The grand procession will also feature a riderless ceremony to honor parishioners who have died “either of AIDS, cancer,” or something else, a spokesman said on June 17 as a man guided a saddled horse through the arena and the contestants and the audience led The members stood in silence, hands or hats covering their hearts.

A pair of boots slid backwards in the stirrups as Brooks’ “The Dance” blared through the speakers, hitting the final lines of the song’s chorus: “Our lives are better left to chance. I could have missed the pain. But I should have given up the dance.”

The announcer continued, voice strained with emotion, “We’ve lost so many.”

Hillman said Tuesday it’s not clear if the organization will be able to host another rodeo next year.

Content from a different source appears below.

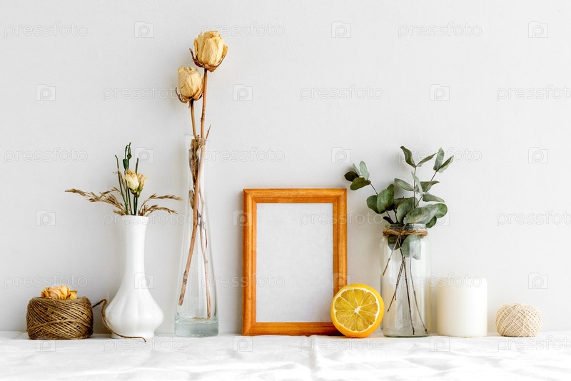 Деревянная фоторамка и сушеные растения в вазах на белом фоне. Минималистичная, нежная летняя планировка. Заготовка для открытки. Интерьер для дизайна

Organizers were hoping for better turnout over the weekend to help offset costs and have enough left over to donate to other organizations. Although there were a few people in the stands throughout the rodeo, Hillman said not enough people showed up.

“It’s heartbreaking, you know,” Hillman said, “but that’s life.”

Despite the low turnout, the rodeo was enjoyed by the participants.

Scooter Peterson, Ivey Gramer and Edward Snow had been looking forward to the rodeo ever since they found out about it at last year’s Ogden Pride.

Scooter Peterson and Gramer wore cowboy hats, while Snow wore a modified blue Dorothy dress from The Wizard of Oz — complete with rainbow-striped stockings and a straw hat — as they sat in the stands on June 17, just as the riding on the Oxen started this afternoon.

The occasion was an excuse to dress up, Gramer said, and she loved seeing other people’s outfits. It felt nostalgic for Snow, who grew up in central Utah and was strapped onto the back of a horse before he even had a clue what he was doing up there.

“I did it growing up, but it just felt like I wasn’t culturally aligned with the people who went to the regular rodeos,” Snow said.

Peterson said he appreciated “the spectacle of masculinity” — bringing a “gay twist” to a sport with so much machismo.

“A rodeo is cool,” he said, “but a gay rodeo has to be cute.”

(Rick Egan | The Salt Lake Tribune) Performers dance before the Utah Gay Rodeo Association’s “Crossroads of the West” regional rodeo at the Golden Spike Arena in Ogden on Saturday, June 17, 2023.

Editor’s Note • This story is available only to Salt Lake Tribune subscribers. Thank you for supporting local journalism.